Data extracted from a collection
————

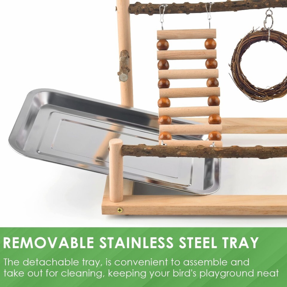 KATUMO Bird Playground: Natural Wood Perches, Ladder, Swing, Feeder for Parakeet
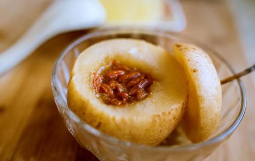 梨能潤肺止咳,但梨屬寒性,天冷時(shí)吃生梨會(huì)更感體寒。但如果將梨煮一下,情況就完全不同了。煮熟的梨去除了寒性,梨皮會(huì)變得略苦,去燥潤肺的功效完全被釋放出來。梨籽中的木質(zhì)素本來屬于不可溶纖維,但在加熱后會(huì)在腸道中被溶解,將有害的膽固醇揪出體外。“冰糖雪梨”則是雪梨煮食最常見的一種方式。其做法簡(jiǎn)單,將雪梨去核切塊,與適量的涼開水和冰糖一起,慢火煮半個(gè)小時(shí)就好了。梨能潤肺生津、清熱化痰。冬天吃冰糖雪梨來滋陰潤肺是最好不過的。有慢性氣管炎、慢性咽炎的患者也可以適當(dāng)吃一些冰糖雪梨來做食療。
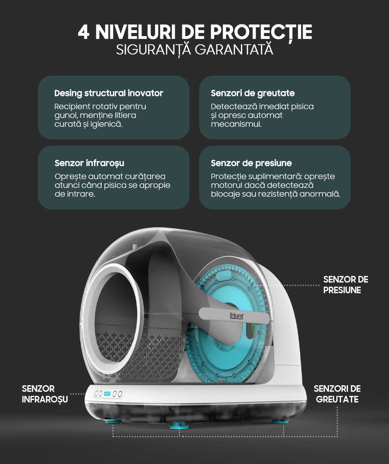iHunt Litiera Automata iHunt Smart Cat Litter V7 Camera, Wi-Fi, Senzori, Camera video, Aplicatie Smart
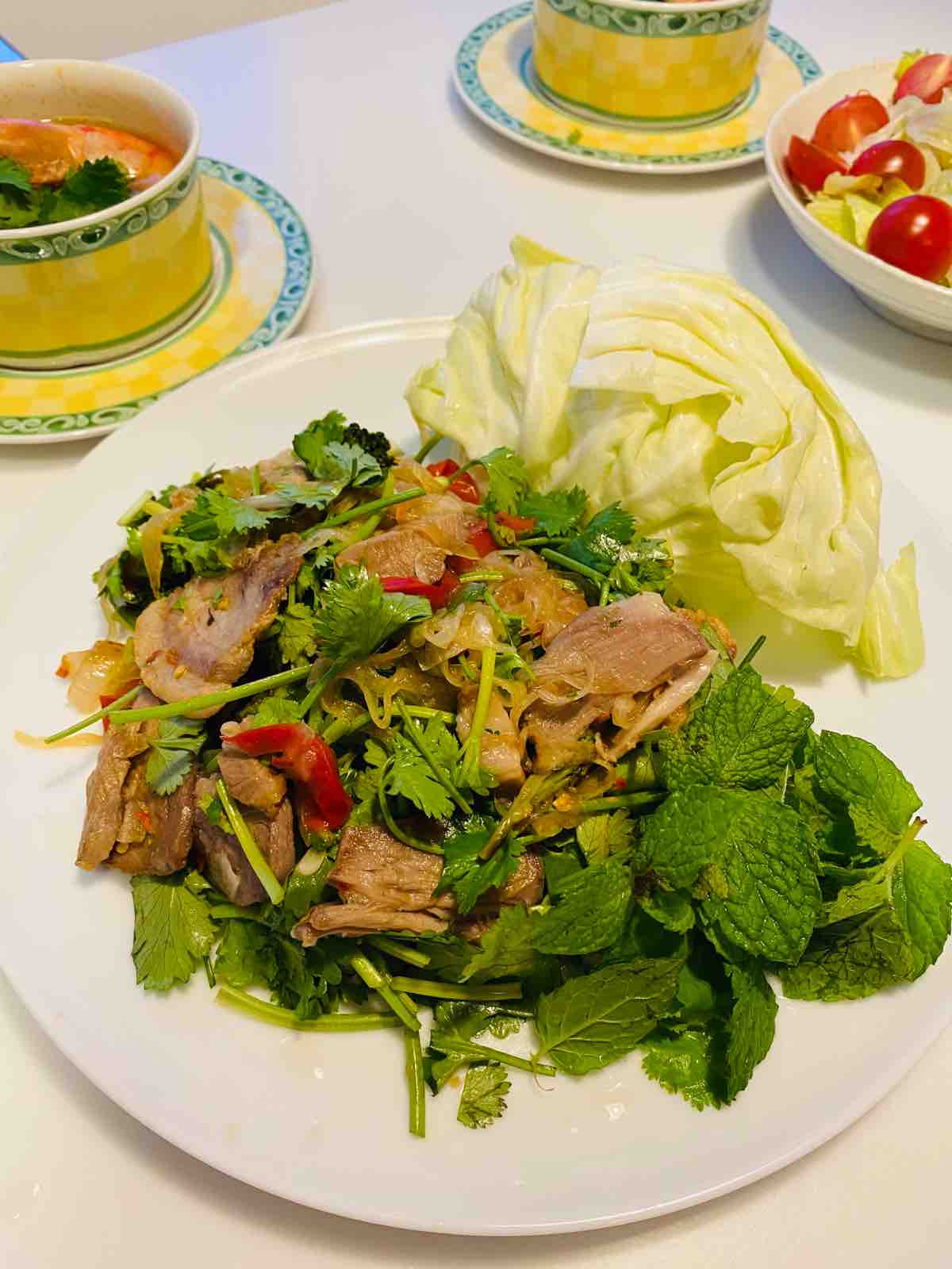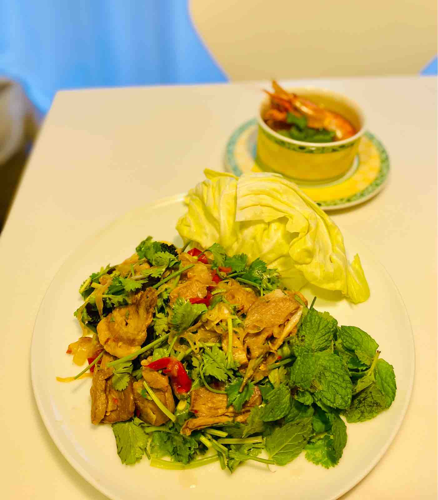 お箸で手早く混ぜたら、更に切ったパクチーをたっぷり加えて今度は手で混ぜ混ぜ…ナンプラーとポッカのレモン汁と刻み唐辛子、そして潰した白玉麩の粉で味を整えたらお皿に盛り付け。生キャベツとミントの葉っぱを添えれば完成!
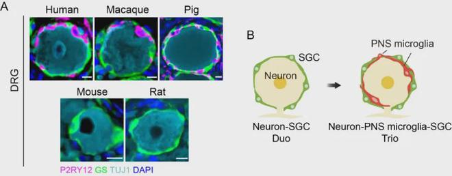 中国科学院深圳先进技术研究院研究团队扫描了人、猴子、猪的外周神经节,揪出一群“卧底细胞”——转录组、表观组、发育起源全和中枢小胶质细胞一模一样!且这群“外周小胶质细胞”直接抱住神经元胞体,像给手机贴膜一样紧密。没它们,神经元长不大、轴突伸不远,连感知功能都拉胯!
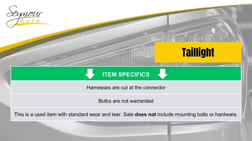 This is a Used Taillight removed from a salvage vehicle. This is sold as the Taillight Assembly only. It does not include the plug, bulb, or harness. If these items are left on, they are from convenience only and not covered by our warranty. You are covered by our 6 Month Part Warranty. LEFT IS DRIVERS SIDE AND RIGHT IS THE PASSENGERS SIDE. This taillight has been inspected and is functional, however it may have slight scuffs, scratches, or blemishes. Please contact us with any questions your may have!******* SAME DAY SHIPPING ********
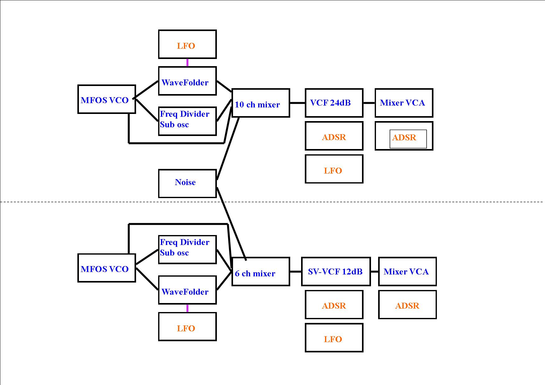 I have a mfos lowpass for vcf1 and a mfos state variable for vcf2 that are to be taken from the modular .
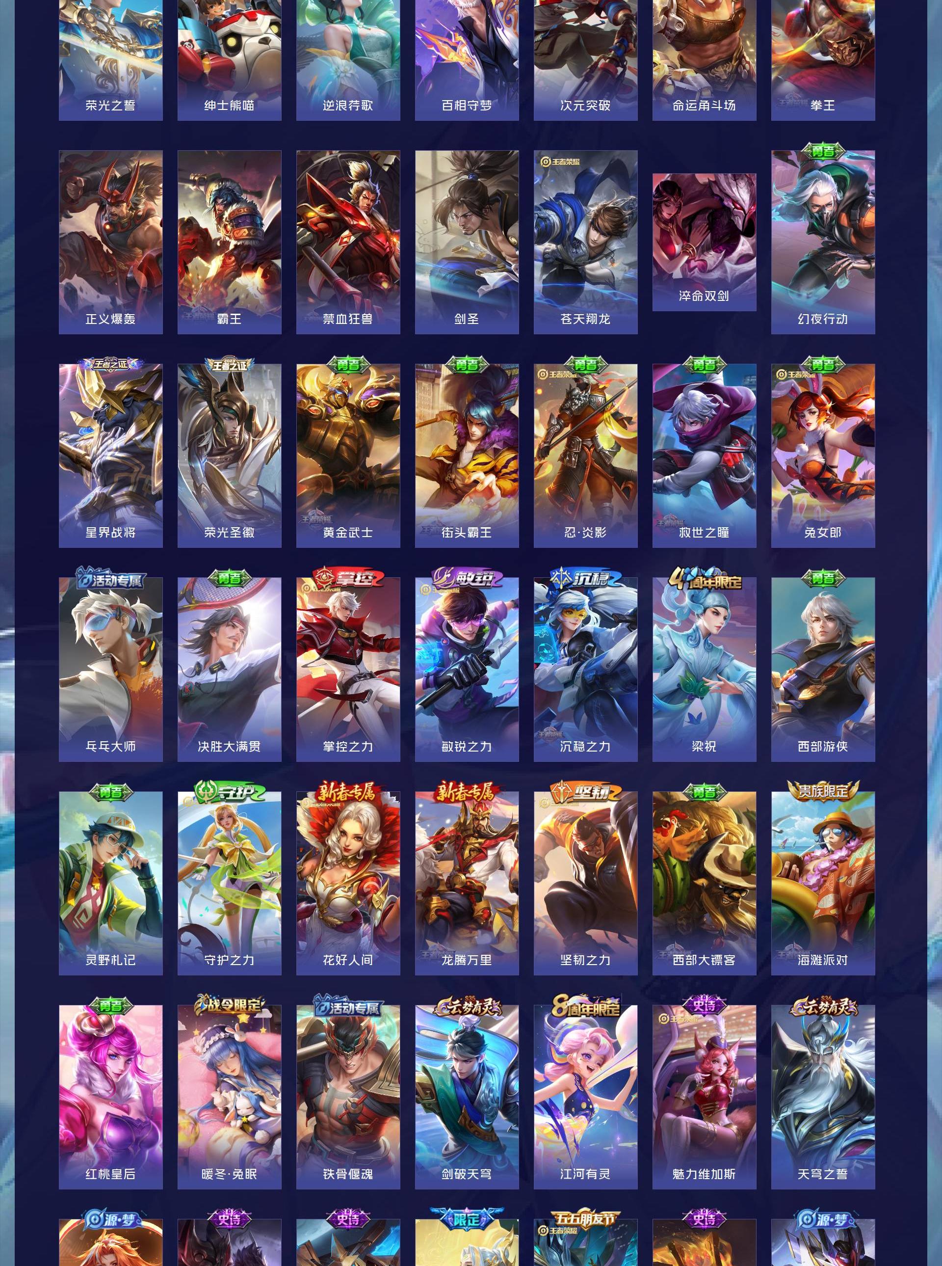 V5 皮肤126 英雄125 永恒钻石 珍品传说1 传说4 其他皮肤126
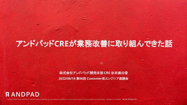 and was prepared by ANDPAD Inc. for the use of our client. It is not to be relied on by and 3rd party. Proprietary & Confidential 無断転載・無断複製の禁止 Copyright © 2022 Present ANDPAD Inc. This information is confidential and was prepared by ANDPAD Inc. for the use of our client. It is not to be relied on by and 3rd party. Proprietary & Confidential 無断転載・無断複製の禁止 アンドパッドCREが業務改善に取り組んできた話 株式会社アンドパッド 開発本部 CRE 杉本麻由香 2022/06/16 第06回 Customer系エンジニア座談会
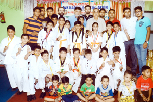 Medal winners of 1st District Hapkido Championship posing for a photograph along with dignitaries at Baby Caterers, Rehari in Jammu on Saturday.

————

- **EXERCISE**:
Copy word for word the lines of the records above from the one with "This is a Used" up to and including the one with "V5 皮肤126 英雄125 永恒钻石 珍品传说1 传说4 其他皮肤126". Skip the pictures.

- **PROBLEM SOLUTION**:
 This is a Used Taillight removed from a salvage vehicle. This is sold as the Taillight Assembly only. It does not include the plug, bulb, or harness. If these items are left on, they are from convenience only and not covered by our warranty. You are covered by our 6 Month Part Warranty. LEFT IS DRIVERS SIDE AND RIGHT IS THE PASSENGERS SIDE. This taillight has been inspected and is functional, however it may have slight scuffs, scratches, or blemishes. Please contact us with any questions your may have!******* SAME DAY SHIPPING ********
 I have a mfos lowpass for vcf1 and a mfos state variable for vcf2 that are to be taken from the modular .
 V5 皮肤126 英雄125 永恒钻石 珍品传说1 传说4 其他皮肤126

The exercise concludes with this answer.